Segment Open
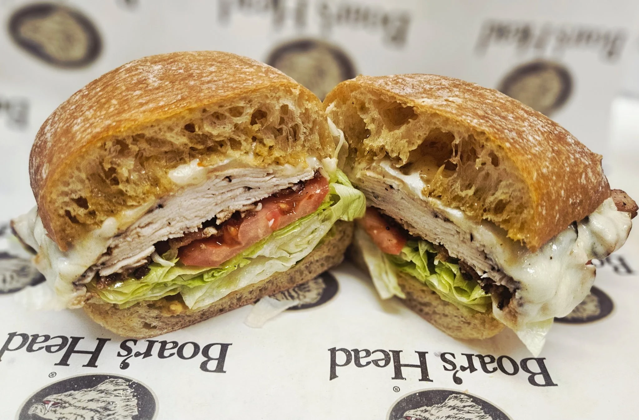 (Hot) Flame Grilled Chicken, Mozzarella, Lettuce, Tomato, Bacon, Spicy Garlic Parm Sauce on a grilled ciabatta roll.
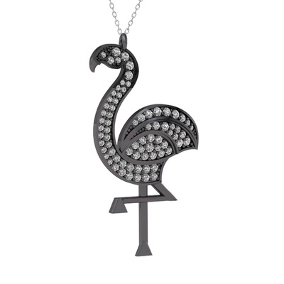 Swarovski 925 ayar siyah rodyum kaplama gümüş kolye (40 cm gümüş rolo zincir)
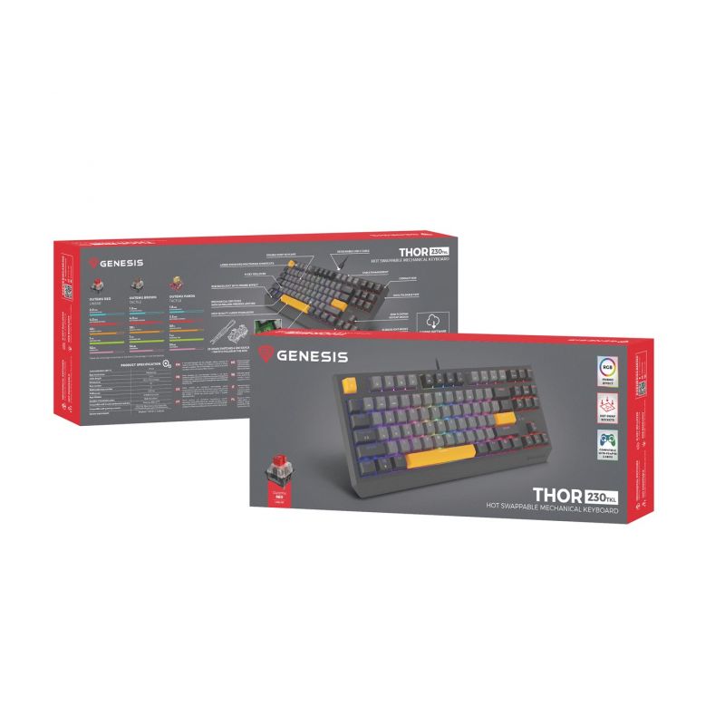 GENESIS Thor 230 TKL Gaming Keyboard USB + RF Wireless + Bluetooth QWERTY Black, Gray, Orange
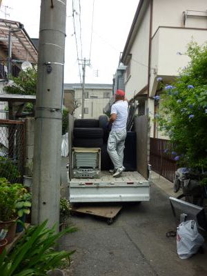 | 雨漏りが2箇所あり、ブルーシート等で室内に雨が入らないようにしていますが、 簡易な対策では解決にはなりませんので、屋根の修理も必要です。 今回は、壁なども一度撤去して作り直すリノベーションをすることにしましたので、 解体工事で部材を処分することになりますので、同時進行で室内に残っていた荷物やゴミたちも処分してもらいました。 タイヤや洗濯機は別処分なので、これだけは個別でトラックに積んでいました。 |
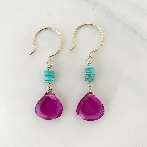 Fuscia glass drop and turquoise beads on gold-fill earwire; 1” long.
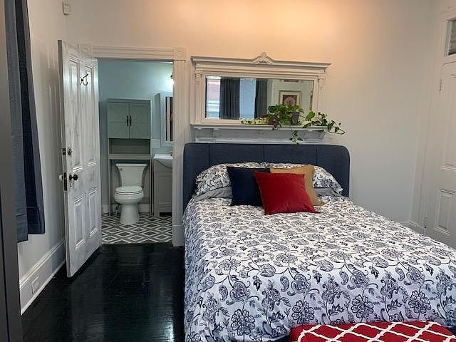 This is a beautifully decorated house with 5 furnished bedrooms three with private bathrooms and one with private entrance -- other bedrooms have a bath that is shared with one other person. Tenants will have access to shared space on first floor with kitchen and living room and laundry room access. This room is furnished and includes a flat screen TV with only streaming channels. This room also has a small refrigerator. There is no cable. All utilities are included: water, electric, gas & trash service are included and WIFI is free. The picture shows room #1 with private bath and room #5 that also has a private bath. The house is located in downtown Hampton and convenient to shopping and transportation.
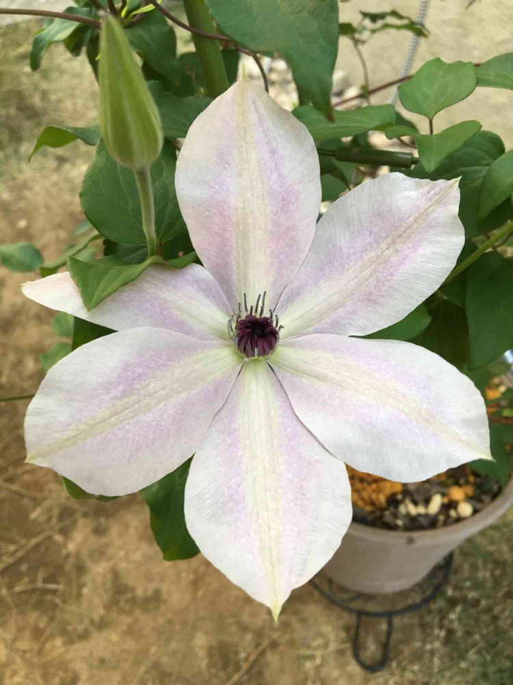 今年お迎えしたクレマチス 淡墨が咲きました!あわい紫がなんとも言えず、気に入りました!
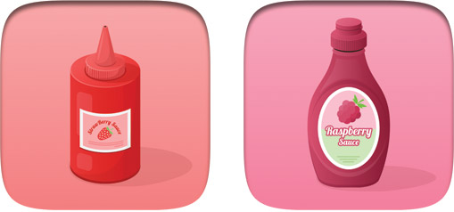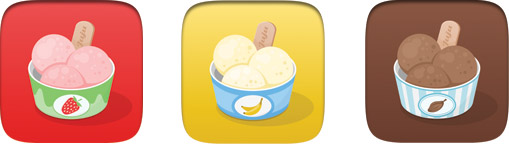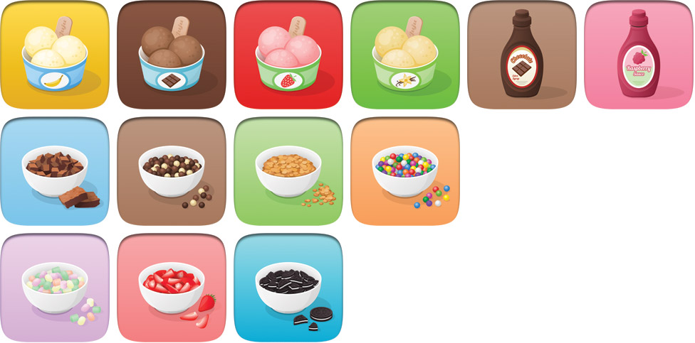 最初我以缩略图和设计思想的方式使用一种扁平外观的图标。这种方式对冰激凌来说很有用,但是对点缀物作用不大 —— 不久之后我发现它们变成半分离的现代主义,很难辨认。
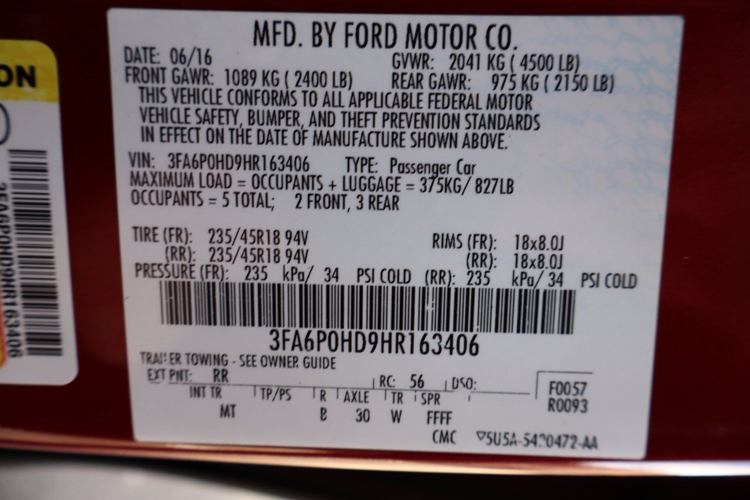 Rear seat upholstery: Cloth rear seat upholstery
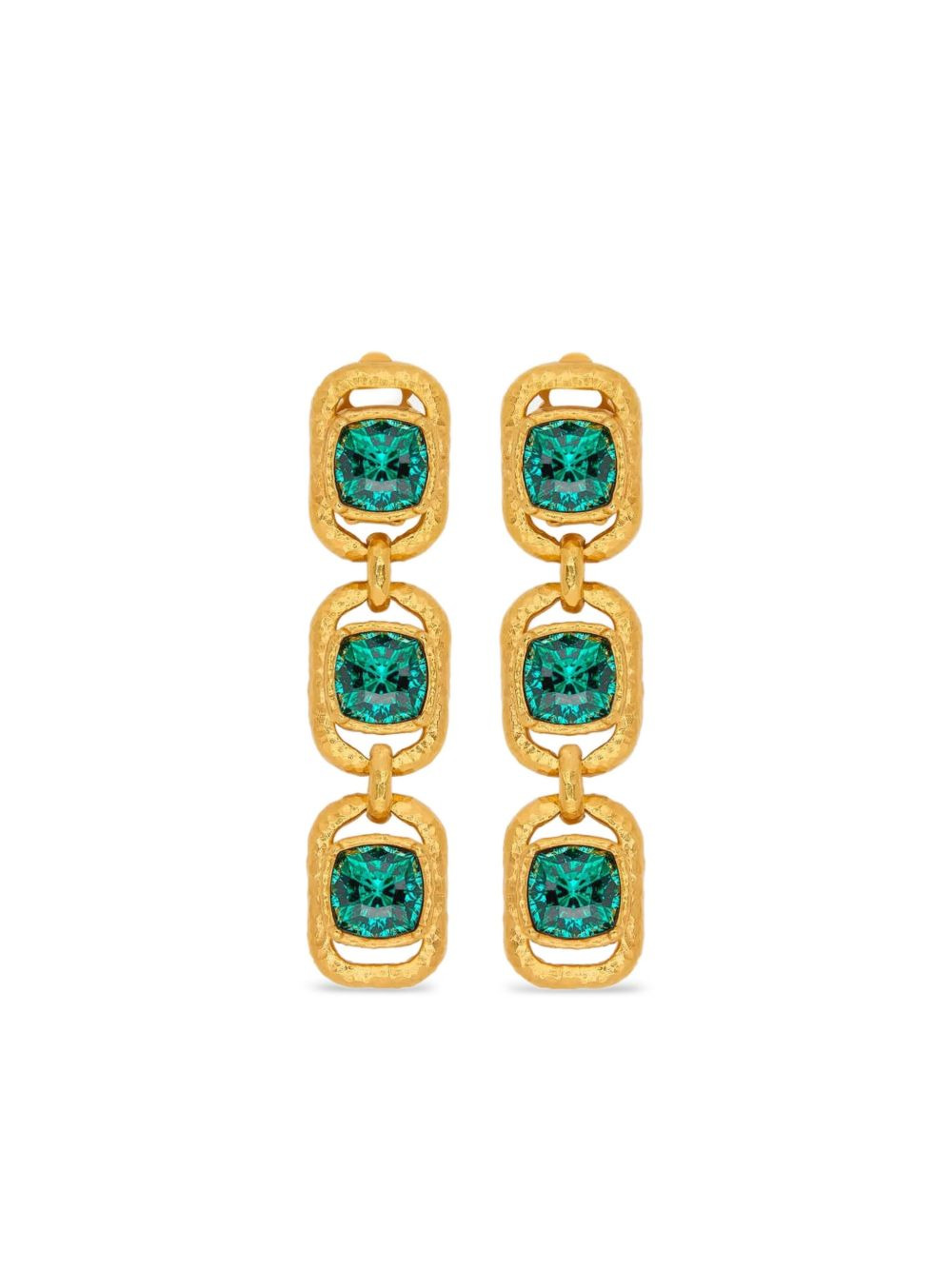 crystal-embellished chain earrings Highlights - Gold-tone - Emerald green crystals - Square-cut embellishments - Textured chain frames - Linked chains design - These earrings come as a pair. Made in Italy SIZE & FIT Measurement DIAMETER 2.55 in(6.5 cm) Weight (single earring) 4.8 g(4.8 g)
Segment Closed
# [ACTIVITY]
Lines from the one containing "Fuscia glass drop" through the end of the listing, both included, are to be restated exactly, and pictures are to be left out.

# [PROBLEM SOLUTION]
 Fuscia glass drop and turquoise beads on gold-fill earwire; 1” long.
 This is a beautifully decorated house with 5 furnished bedrooms three with private bathrooms and one with private entrance -- other bedrooms have a bath that is shared with one other person. Tenants will have access to shared space on first floor with kitchen and living room and laundry room access. This room is furnished and includes a flat screen TV with only streaming channels. This room also has a small refrigerator. There is no cable. All utilities are included: water, electric, gas & trash service are included and WIFI is free. The picture shows room #1 with private bath and room #5 that also has a private bath. The house is located in downtown Hampton and convenient to shopping and transportation.
 今年お迎えしたクレマチス 淡墨が咲きました!あわい紫がなんとも言えず、気に入りました!
 最初我以缩略图和设计思想的方式使用一种扁平外观的图标。这种方式对冰激凌来说很有用,但是对点缀物作用不大 —— 不久之后我发现它们变成半分离的现代主义,很难辨认。
 Rear seat upholstery: Cloth rear seat upholstery
 crystal-embellished chain earrings Highlights - Gold-tone - Emerald green crystals - Square-cut embellishments - Textured chain frames - Linked chains design - These earrings come as a pair. Made in Italy SIZE & FIT Measurement DIAMETER 2.55 in(6.5 cm) Weight (single earring) 4.8 g(4.8 g)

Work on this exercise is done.